OCD is a mental health condition characterized by intrusive, distressing thoughts (obsessions) and repetitive behaviours (compulsions) performed to reduce anxiety. These symptoms can take a serious toll and impair daily life. For 30–40% of patients, standard treatments fail to provide relief, and some do not respond even to additional medications used when first-line treatments do not work. This severe form of treatment resistance is known as treatment-refractory OCD.

As researchers learn more about how different parts of the brain communicate in OCD, new treatments have emerged that aim to treat the brain networks directly. These therapies, called neuromodulation, use controlled electrical or magnetic stimulation to adjust activity in specific areas of the brain. Until now, no study has comprehensively compared different brain-stimulating approaches, limiting understanding of which option is most effective.

The KBI team analyzed 142 studies involving 2,960 patients across four approaches: deep-brain stimulation (DBS), lesion-based surgery, transcranial direct current stimulation (tDCS), and transcranial magnetic stimulation (TMS). DBS and lesion-based surgery are invasive, while tDCS and TMS are non-invasive.

Results showed that all techniques reduced OCD symptoms. While invasive approaches showed the strongest effects, non-invasive modalities still produced moderate improvements and may be a more accessible option for those with less severe symptoms. Researchers suggest invasive techniques perform better because they can more reliably and precisely target key communication areas deep in the brain, known as hubs.

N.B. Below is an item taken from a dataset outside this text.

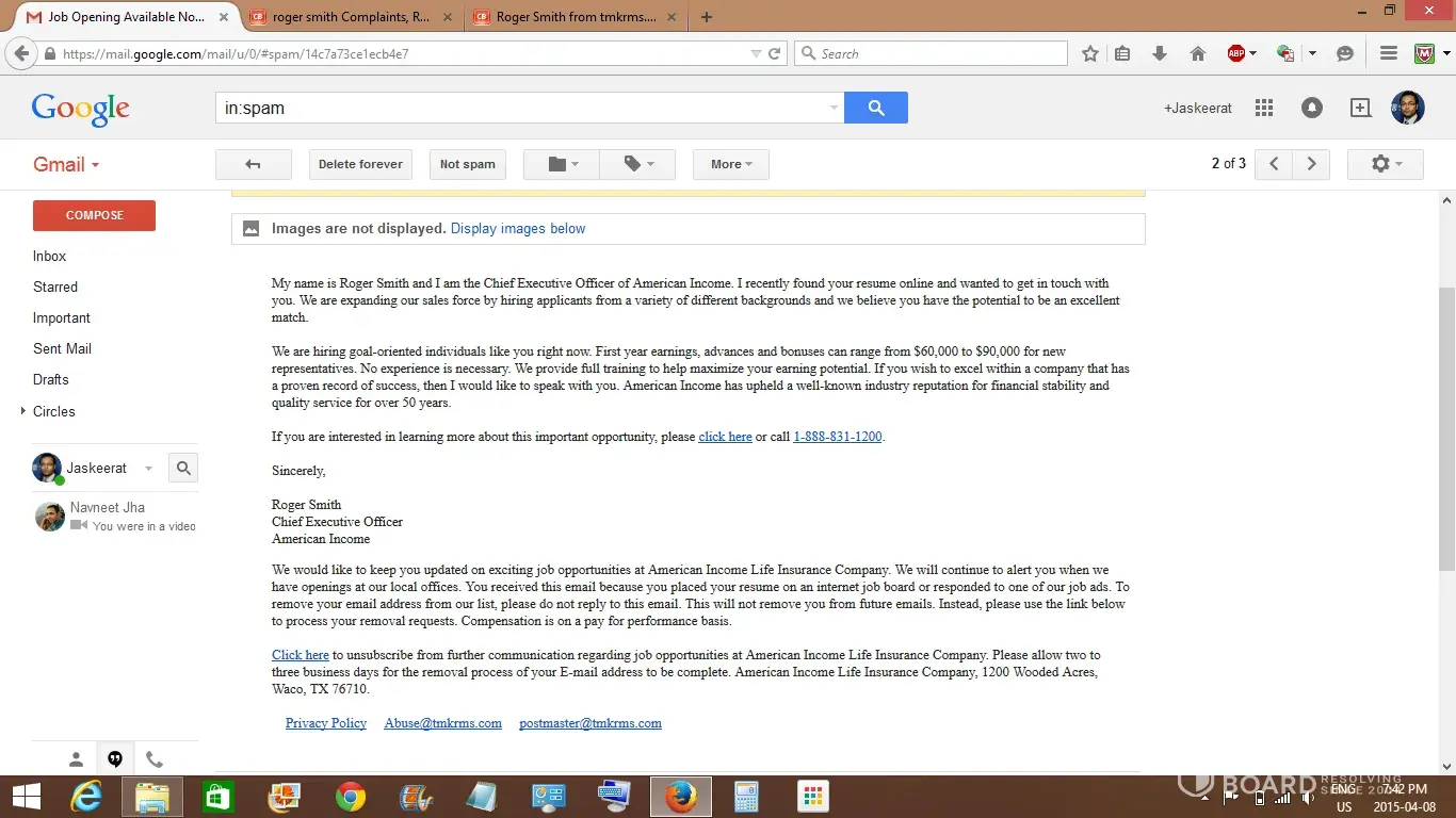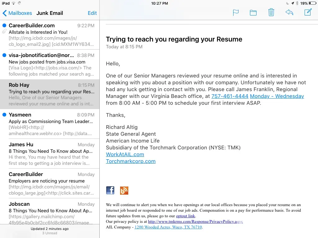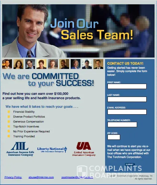 I agree that they are coming from candidate job searches from Indeed or Monster because the email address they arrived at is the one I use for them. Careerbuilders forces you to use a different email address every time you cancel and then sign-up again and that is a different email address than the ones I got. Careerbuilders sells your info to 3rd parties and that's how I know when it's from Careerbuilders because the email arrives at a different address. I've received some emails where I have to create an account just to unsubscribe. Between the lack of employment search results and this 3rd party crap, I will never use Careerbuilders again. Too bad because they were once a good site many years ago but have gone downhill in a really bad way at least for my job searches. I received 7 of these emails with the domain of tmkrms.com in one day. From my previous exposure to Direct Marketing, this then smelled of a system that people just bought into not some Nigerian scam as they traditionally are attempting to get money out of you. From the quick research I've done so far it's appearing to be more of an affiliate company that has recently done some kind of ad campaign. The biggest identifier of this is all of them have the same domain even though they are promoting different companies. After I did a little bit of digging around I found that tmkrms is associated with Torchmark Corporations which came from the WHOIS information. I know the site tmkrms.com is an affiliate site because when the tab is my browser shows "Join Our Sales" and when I hover my mouse over it, then it shows "Join Our Sales Team - Torchmark Affiliate Companies". This is also in the browser header code which you can see by doing "Ctrl+U". Further down in my search results is a link to torchmarkcareers.silkroad.com which show the Torchmark Corporation logo with social media links. I took a look at their LinkedIn profile. This URL for torchmarkcareers is a subdomain so I looked into who silkroad.com com is. Wikipedia says, "SilkRoad, Inc. is an American multinational human capital management software company. SilkRoad provides cloud-based HR software solutions that enable customers to find, attract, develop, and retain talent." So that just indicates that they are using this site for career development. Within these same search results for "tmkrms.com" is a link to torchmarkcorp.com. At this site you quickly see that Torchmark Corporation is a publicly traded company with the stock ticker of TMK. I discovered all of this in less than 30 mins of investigation so the original complaint being a Nigerian scam is just a shoot from the hip response that didn't look into this at all. Part of the online job search deals with legitimate insurance and financial investment opportunities. I used to get them from AFLAC and now they're coming from Farmers and American Family Insurance and a couple of others that are not so well known. The problem I have with these emails and the affiliate website is that is looks like a scam site and that's because of all the years of these type of affiliate sites that did scam to some degree. I've been interested in Direct Marketing for a long time and have taken part in some of these things where the seller of the system gets rich of of the opportunity given. It's not that the opportunity isn't viable but you make more money selling the idea than the process itself. From my quickie research I can now say that these are legitimate people just looking for a way to earn self-employed independent income in what has become known as the Gig Economy yet the marketing for a publicly traded company as large as Torchmark Corporation is deplorable and hurts these affiliates seeking income generating opportunities due to this. One of the companies that approached me that I had never heard of had a website informative enough for me to understand what it was about. I'm not personally interested in these types of things yet if Torchmark Corporation has any concern for its affiliates then they need to create a much better looking AND informative version of tmkrms.com so that those who may be seeking this type of work won't be put off. It sure would help the recruitment process for sure.

"Our analysis points to the importance of considering how brain regions are connected when determining whether a region is an ideal candidate for neuromodulation, rather than its location alone," says KBI Assistant Scientist and senior author of the study, Dr. Jürgen Germann.

For people living with OCD for whom standard treatments have failed, this meta-analysis represents a step towards better symptom management and reduced disability as a result. The findings support the use of neuromodulation for severe OCD while also shedding light on the underlying brain circuitry and potential therapeutic targets. Future research that continues to focus on how brain networks function could help make brain stimulation treatments for OCD more precise and personalized.

Dr. Flavia Venetucci Gouveia, Scientist at The Hospital for Sick Children and Assistant Professor in the Department of Medical Biophysics at the University of Toronto, is the first author of this study.

Dr. Jürgen Germann, Assistant Scientist at UHN’s Krembil Brain Institute and Assistant Professor at the University of Toronto’s Institute of Biomedical Engineering, is the senior author of this study.

This work was supported by the Canadian Institutes of Health Research, Brain Canada Foundation, the Shireen and Edna Marcus Foundation, and UHN Foundation.

Dr. Andres Lozano is a co-founder of Functional Neuromodulation and a consultant for Boston Scientific, Medtronic and Abbott.

Gouveia FV, Elias GJB, Wong EHY, Yang A, Beyn M, Mesich A, Omere U, Iskin SA, Bai Y, Hu CK, Boutet A, Lozano AM, Germann J. Neuromodulation for treatment-resistant obsessive–compulsive disorder: a systematic review, meta-analysis and network analysis. Nat Mental Health. 2026 Apr 13. DOI: 10.1038/s44220-026-00586-9.